I decided to do something new this year and every first Saturday of the month I talk about one of the games on my shelf. I go into brief details about it for no particular reason, mostly because these are widely known and played. I think it is just another way for me to keep records.
There is only one reason that I would not recommend this to a wider audience, it is designed to be played by two players and two players only.
I must also admit to being mildly uncomfortable with the appropriation of a place by people who are definitely not from the city or country, but the longer I have been playing board games, I have realised that this is not an isolated incident, and the ‘theme’ of games are chosen more due to the mechanisms and storyline that they want the players to follow.
This is a simple game to introduce, teach and play. There are three rounds, and it is a best of three (a throwback to my college times where I tried to use that to my advantage) situation.
There are six types of goods to be traded, of varying value and availability. Three of these can only be traded when you have collected a minimum of three; the rest do not have such holdups. There is a hand limit, and then there are the camels. Camels are wilds that stay out in the open, do not count towards your hand limit and can be used to trade for the actual goods in the market. The person with the most camels at the end gets a bonus.
We begin with five cards in the market (three of them have to be camels). If you want to take only one good, you can (and then replenish). If you want more than that, you can give an equal number of cards to the market, and swap/trade them out. The actual trading for money gets decreasingly advantageous with every trade of this type.
So essentially, you have to play a very nuanced game of waiting and/or making a move in such a way that you are left with the upper hand. There is an additional bonus for making a bigger trade in one move. The minute the money(points) for three goods is over, the round is as well. This timer works well in keeping it swift.

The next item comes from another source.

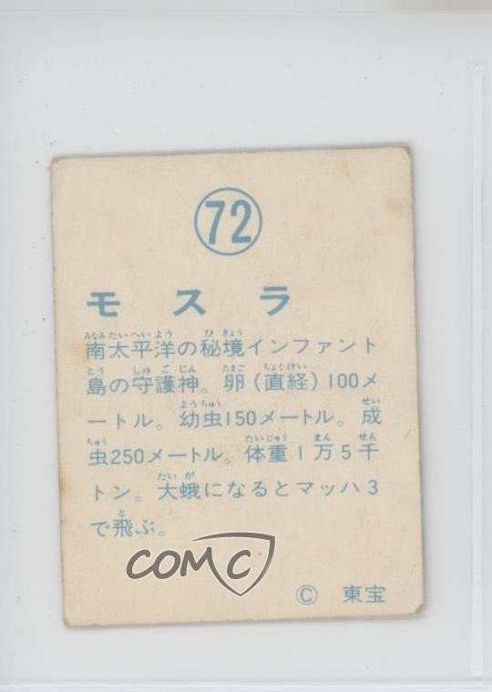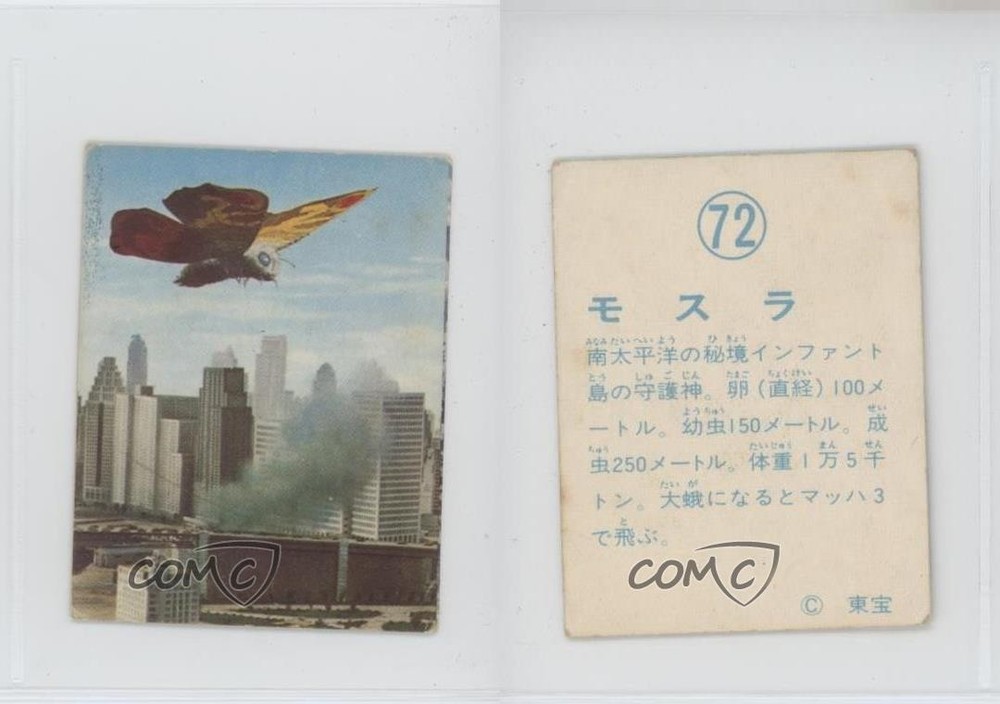 1974 Yamakatsu Godzilla Anthology - [Base] #72 Mothra COMC Item: 212879980 - Non-Sports Card - Featuring Mothra Search for more: 1974 Yamakatsu Godzilla Anthology Search for more: 1974 Yamakatsu Godzilla Anthology - [Base] View all of our Listings Auctions Buy It Now About Us Located in the beautiful Pacific Northwest, COMC (Check Out My Cards) is the world's largest consignment service for trading card singles. More than 10,000 people have used our consignment service to list over 50 million trading cards. Find out how we can help you consign your items on eBay by contacting us through eBay messaging. COMC -- "The Safe & Easy Way to Buy & Sell" Raw Condition for Modern Cards Unless otherwise noted, raw modern cards are listed in Near Mint-Mint condition or better. A NM-MT card appears to be Mint at first glance, but upon closer inspection, may exhibit some of the following: minor print defects (e.g. roller marks, print line, dimple), minor scratches, slight edge wear, and slight corner wear. Centering is clearly visible in the images provided and does not factor into our condition assessment. Raw Condition for Vintage Cards Unless otherwise noted, raw vintage cards are listed in Excellent condition or better. An EX card may exhibit some of the following: minor rounding of corners, surface wear, print defects, light scratches, and slight edge wear/chipping. Centering is clearly visible in the images provided and does not factor into our condition assessment. Domestic Shipping Combined shipping for multiple items is available. To receive combined shipping, please ensure all desired items are in your eBay shopping cart before proceeding to checkout. eBay limits orders to 40 items per order. We automatically combine multiple orders placed on the same day. If you place multiple orders on the same day, please contact us to request a refund of applicable shipping costs. Signature confirmation may be required on invoices over $400. All cards are protected and shipped securely. International Shipping COMC offers eBay's International Shipping (EIS) for international orders under $2,500* (see country exceptions below). All duties and import fees are paid at checkout; in the rare event that there are additional import fees upon delivery, these are borne by the buyer. EIS packages route through a shipping hub in Erlanger, KY before shipping to their final destination. Please note that EIS does not allow for combined shipments. The shipping rates are determined by eBay and cannot be adjusted. *Maximum sale price exceptions: Colombia, Kuwait ($2,000); Taiwan ($1,539); Chile, Costa Rica, Guatemala, Honduras, Trinidad and Tobago ($1,000); Antigua and Barbuda, Aruba, Belize, Dominica, Grenada, Philippines, Saint Kitts and Nevis, Saint Lucia, Montserrat, Turks and Caicos Islands ($500); Dominican Republic, El Salvador ($200). Please request a shipping quote through eBay messaging for orders that exceed the maximum sale price supported by eBay's International Shipping. You will be responsible for all duties and import fees for international orders shipped outside the EIS. All cards are protected and shipped securely. Payment COMC does not accept offers on our cards through our eBay storefront. COMC utilizes eBay’s managed payments system. If you are experiencing difficulties making a payment, please contact eBay for assistance. Return Policy Returns are only accepted on the rare occasion the item is not as described. If you are making a return, please initiate the return process through eBay so a mailing label can be provided for you. Prior to listing, our expert team carefully assessed this item to represent it accurately. Please review the description and high-definition images prior to purchasing to ensure this item meets your satisfaction. We welcome you to contact us if you have further questions about this item. Trust and Integrity COMC carefully assesses each item consigned to us to prevent fraudulent items from entering the marketplace. If you believe an item offered on COMC may be fraudulent, please contact us with details so we can investigate the issue. Items we determine are outside our supported items policy may be removed. Last Modified: 6/12/2025 7:20:23 AM PDT

I didn’t really need to go into the rules because it is a popular game, and the rule book works well. I still did it because these mechanisms are what make the game tick. There is no extra emotion or story in the box. You can put the cards and tokens in a small bag and even carry them for travel. When we first got it, we played it quite often. Its appeal has waned, but since it only needs a quick refresher, it is not a bad bet to suggest on game night!